With the election deadline now past, some observers believe that a formal request for assistance under the European Central Bank’s new Outright Monetary Transactions program (OMT) is imminent. Through the program, the ECB would agree to potentially unlimited purchases of government bonds on the secondary market in order to stabilize bond prices and to improve market-access for sovereigns under stress. And yet, it may be precisely the introduction of the OMT that could lead the Spanish prime minister to continue with his wait-and-see approach, which seems benefitting him and his party in the recent elections. This approach by Spain is encouraged by the large amount of liquidity that is already being made available by the ECB—as well as the liquidity promised under the umbrella of the OMT. Moreover, U.S. Federal Reserve and the Bank of Japan have also introduced nonconventional monetary policy tools, such as another round of quantitative easing. Altogether, these central banks have flooded markets with such huge amounts of liquidity to calm global investors and markets for the time being.
Moreover, regional policy in Spain does not seem to offer any short-term timeline that might facilitate a proactive reformist shift away from the almost daily balancing act of Rajoy’s government. In about one month’s time, the Spanish government will have to face new regional elections, this time called by the Parliament of Catalonia, the country’s richest region. The elections will revolve around the underlying secessionist agenda that will presumably be supported by two-thirds of the newly-elected parliament. Under the threat of a secessionist referendum that would be called no sooner than 2014 and would, in effect, overwhelm the political dynamic of the Rajoy mandate, further regional elections may be brought forward. While all the regions of Spain missed the deficit targets for 2011, a good eight of them so far have requested the intervention of the regional liquidity fund to plug their draining coffers, depleting the fund’s financial capability in the process.

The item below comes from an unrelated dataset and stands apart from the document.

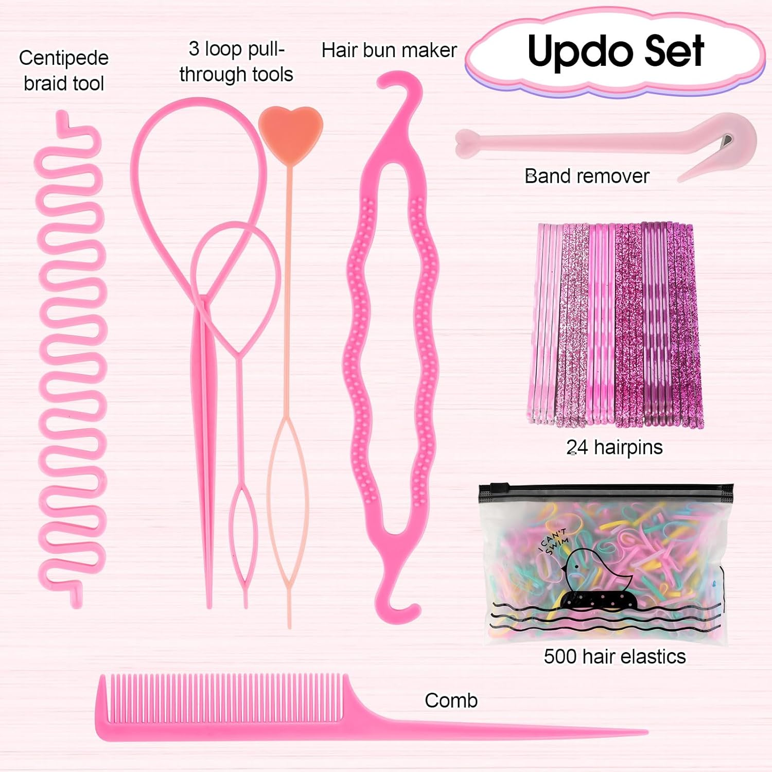 【Updo Set】 This Tail Hair Tools set includes various practical tools: 500 hair elastics, 3 loop pull-through tools, a hair bun maker, centipede braid tool, a parting comb, band remover, and 24 hairpins. Whether for daily styling or special occasions, this set meets your diverse needs, making your hairstyles more versatile and refined.
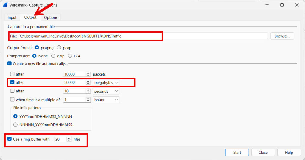 - Use a Wireshark Ring buffer 5–10 GB max

The Risky Consequences for the Euro
It is exactly this regional dimension that remains the Achilles’ heel for Spain, which up to this point has dulled the impetus for reforms. In Spain, the regions manage about half of non-social security public expenditures. By contrast, their scope to manage revenues is limited as they have no authority over the value-added tax or income tax. The composition of regional expenditures—with education, health and public services accounting, on average, about 80-85 percent of the respective regional budgets—makes any attempt at rationalization highly politicized. Thus, there is a continual passing of the buck by Spain’s regional governments to its central government, which itself is reluctant to cut unemployment subsidies and infrastructures spending.

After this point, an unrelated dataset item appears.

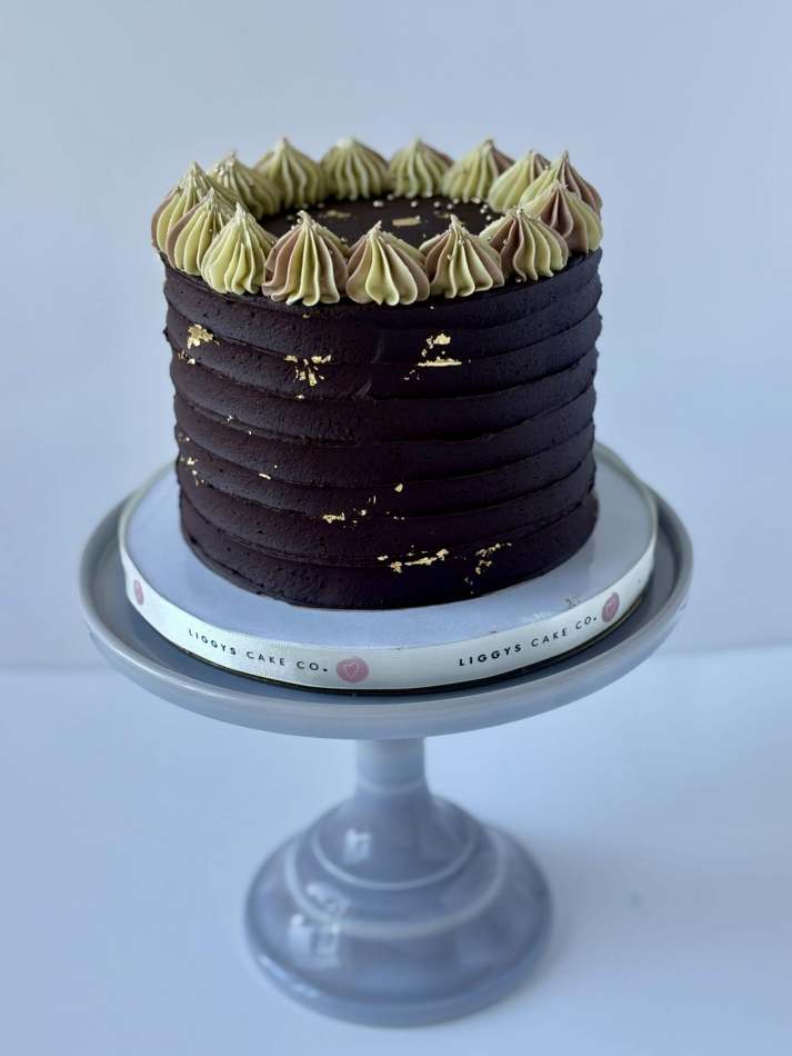Our take on the 'Dubai Chocolate' trend! Layers of chocolate sponge filled with a rich chocolate buttercream filling and a pistachio creme. Covered in chocolate buttercream and decorated with pistachio buttercream piping.

Therefore, despite Spain having missed the 2011 deficit target by a good three percentage points of GDP, the government still announced a decision to increase pensions to compensate for the erosion in purchasing power caused by inflation.
The uncertainty that all this engenders further exacerbates the problem, undermining debt sustainability because of a relentlessly contracting GDP. Accordingly, the build up of stably recessionary expectations for growth could trigger a new wave of escalating pressure on Spanish yields, when it becomes evident that Madrid is in no position to implement a medium-term stabilization strategy.
In this context, it may soon become obvious that the request to activate the OMT will open a new and uncertain chapter on the eurozone crisis rather than providing the region with the stabilizing framework, which many have hoped for. Faced with a possible failure by Spain to meet the gamut of conditions in order to activate the ECB bond-buying program, the ECB will find itself at a crossroads: one path could lead to the immediate suspension of the purchasing program with the consequence of setting off a financial tsunami; the other path could lead to European authorities requesting some direct, centralized powers to oversee the country’s public finances and reform agenda as a necessary condition for the continuation of the program.
The Precedent of Washington and New York
This last option would expose the ECB to an incalculable political risk that is greater even than any risk the Federal Reserve has taken in recent history. In the rescue of the city of New York in the 1960s and of Washington in the 1990s, the U.S. Congress authorized federal intervention on the condition that the two cities establish a “control board” nominated by Congress and charged with overseeing municipal finances. The Fed, despite enormous pressure, managed to stay out of the rescue. However, in Europe’s case with the absence of a full-fledged European government, the ECB could be called on once again to fill the institutional vacuum. As it goes, Spain is likely to provide the trigger that may redefine—for better or worse—the future setup of the eurozone’s governance arrangements.